Haven't been here in a while, just to recap on your earlier post.
The only way of getting a shock is by touching both the live and neutral at the same time.. which an RCD won't protect against anyway.
This is incorrect, in a normal neutral-earth bonded installation with RCD protection where someone touches live and neutral at the same time, current will flow to earth as well as from live to netural through the person's body.
To quote yourself, current takes every path available, not just the one of least resistance. This at least gives a chance that the RCD will protect the user assuming the fault current to earth exceeds 30mA - which is quite likely.
in a neutral earth bonded system you could touch the live and earth at the same time to get the same result so in this respect it's actually worse.
While I understand that you are saying that there is an increased number of fault scenarios, my earlier point stands and a servicable RCD will definitely trip in a live to earth fault.
Also if we removed the earth altogether from the system and isolated the inverter so it wasn't earthed either and throwing away the rcd, that would ironically be the safest option. Birds don't get electrocuted sitting on the live wire as in this situation we have an isolation transformer we shouldnt get a shock either.
The only way something could go wrong is if another appliance shorted "neutral" to the same physical ground or casing you are in contact with and also touching the live wire.
You have correctly identified the flaw in this scheme. Without monitoring, the supposedly isolated system can become referenced to earth at any time and you will be unaware until there is a fault.
Just remember that the live could just as easily be referenced to earth as the neutral. Initially this won't cause an identifiable problem. However this could lead to the casing of your inverter (or any other connected appliance) assuming a potential of -230V if there was a neutral to case fault on any appliance (which is of course isolated) potentially delivering a fatal shock to anyone that comes in contact with it.
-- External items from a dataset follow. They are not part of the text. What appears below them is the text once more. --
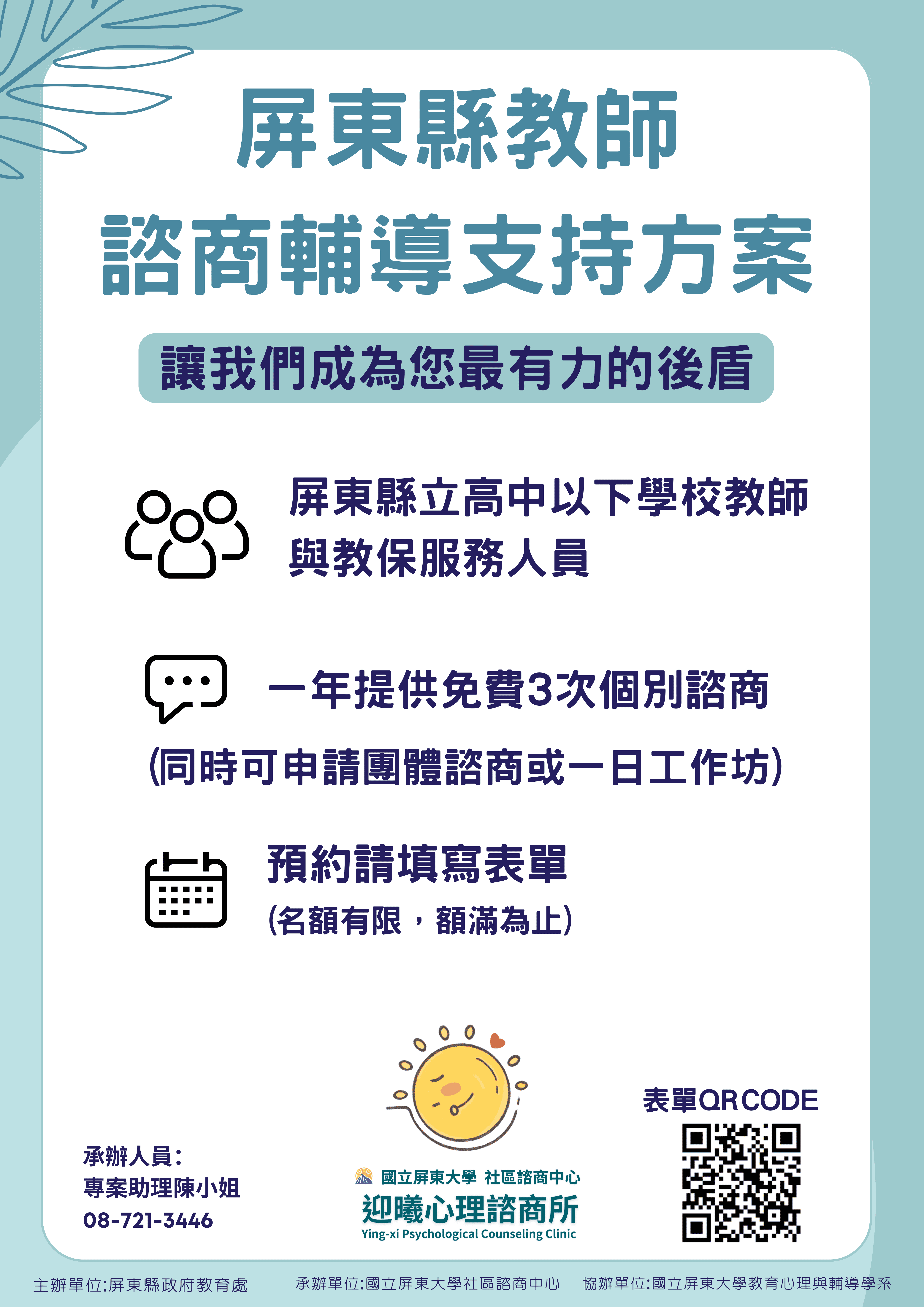 ※ 另有屏東縣教師諮商輔導支持方案 ※ (請見下方公告)
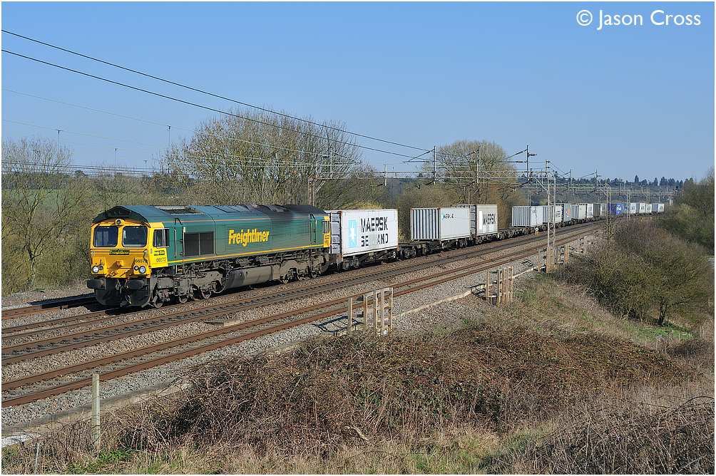 66572 passes Chelmscote with 4M87 0920 Felixstowe to Crewe Basford Hall. Date: 19 March 2011 Manipulation Notes: None
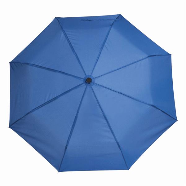 Automatyczny, wiatroodporny, kieszonkowy parasol BORA. Trzyczęściowy, metalowy trzon, szkielet z aluminium, plastiku i włókna szklanego, metalowe końcówki, rączka z gumową powłoką, poliestrowe poszycie, zapinany na rzep.
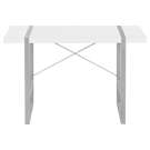 This stylish industrial-inspired computer desk could easily pass for an accent table. It features a spacious, thick-panel desktop finished in a smooth white laminate and sturdy metal legs in a contrasting silver finish.
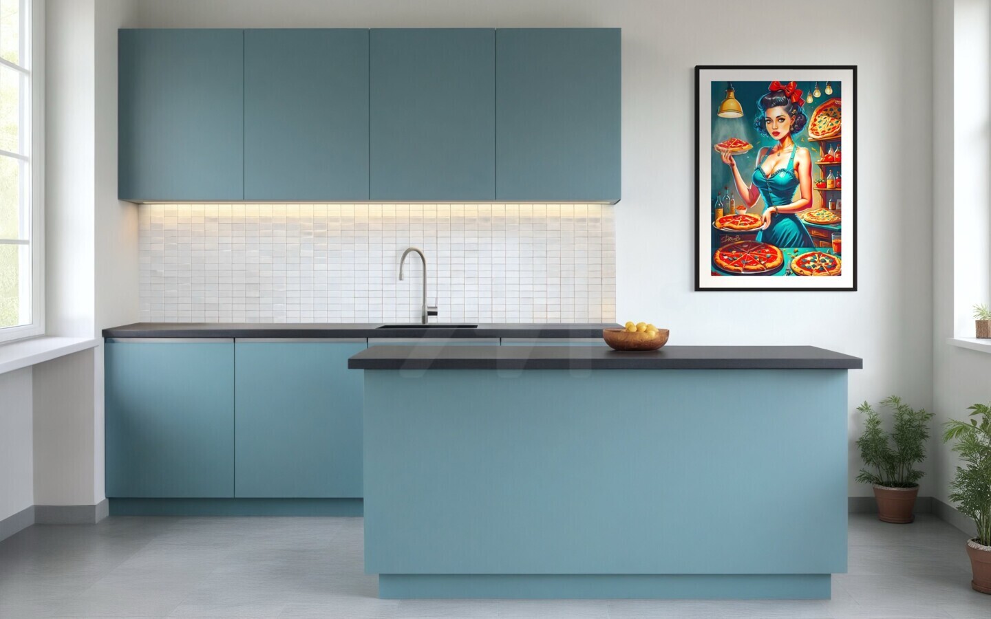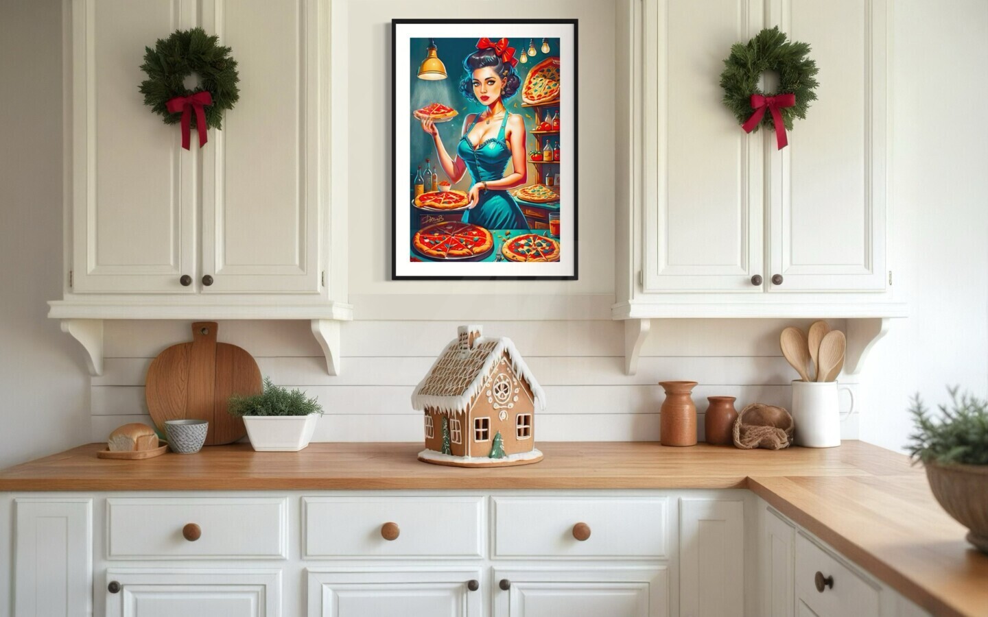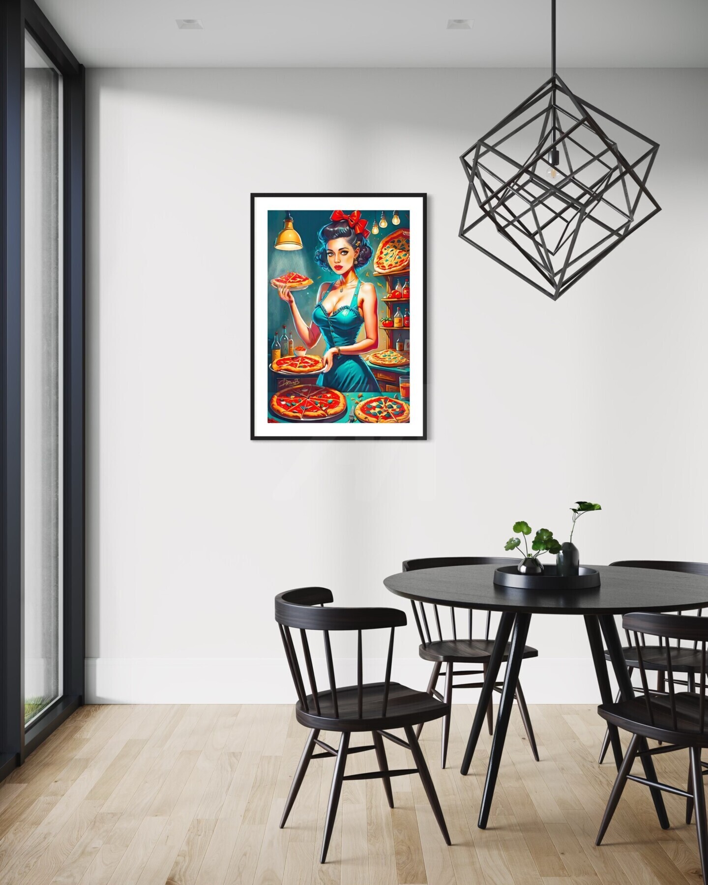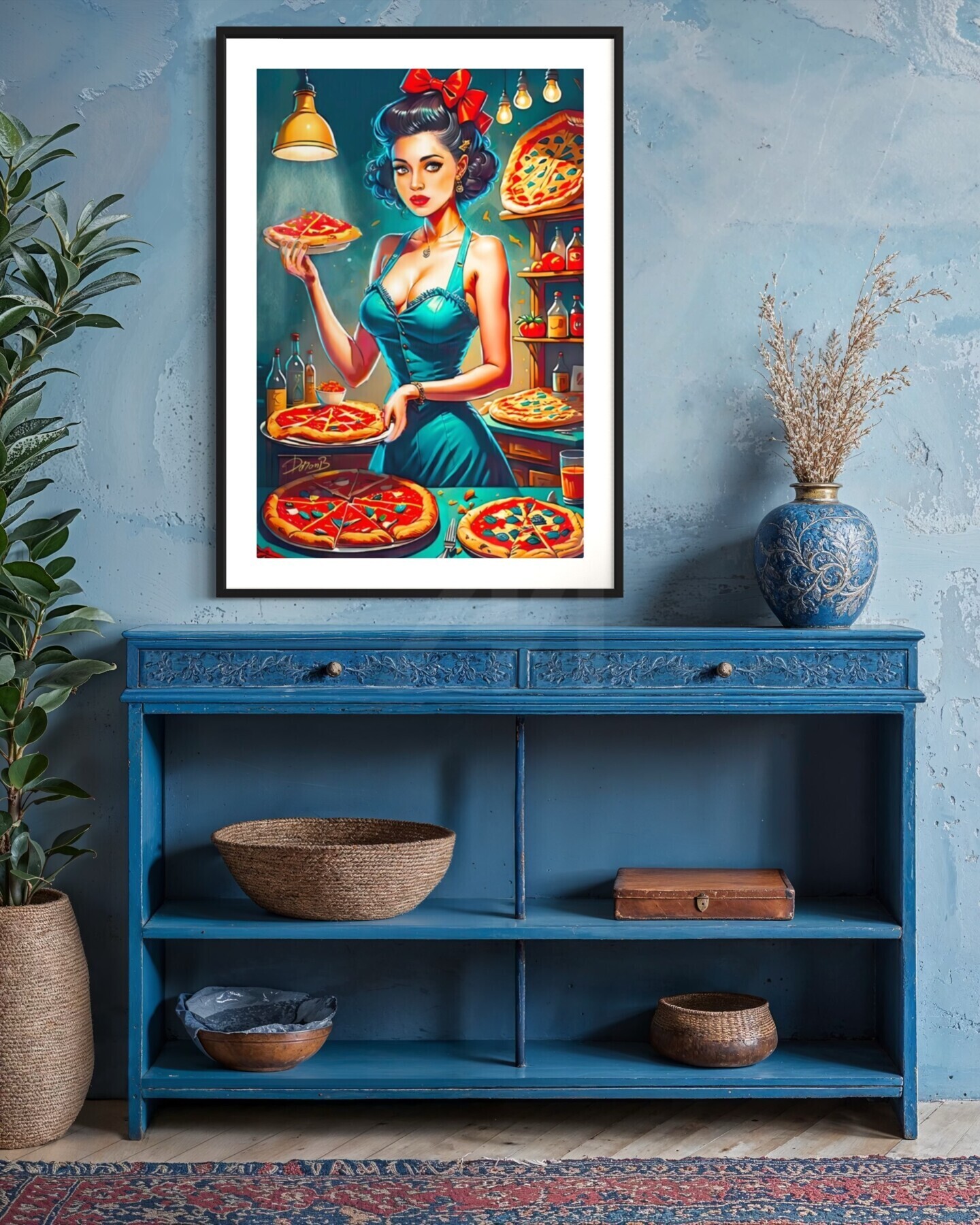 Cette image représente une femme de style pin-up, dans une cuisine, tenant une part de pizza. Elle est entourée de plusieurs pizzas entières, de bouteilles et d'un éclairage chaleureux, évoquant une atmosphère vintage et glamour. L'œuvre combine des éléments d'esthétique rétro avec un accent sur la nourriture savoureuse.

As far as i can tell the only reason the RCBO wont trip is because youre not getting a shock.
You are correct but you now have no way of testing your RCBO in your installation so you have no idea if it will work when you need it or not.
I have a gut feeling the entire electrics industry grounds neutral for voltage stability and pretends in some far fetched situation it provides safety.
I'm sure you're joking and can appreciate that international electrical specifications are drafted by well meaning educated professionals - pro bono in my country, in the interest of public safety.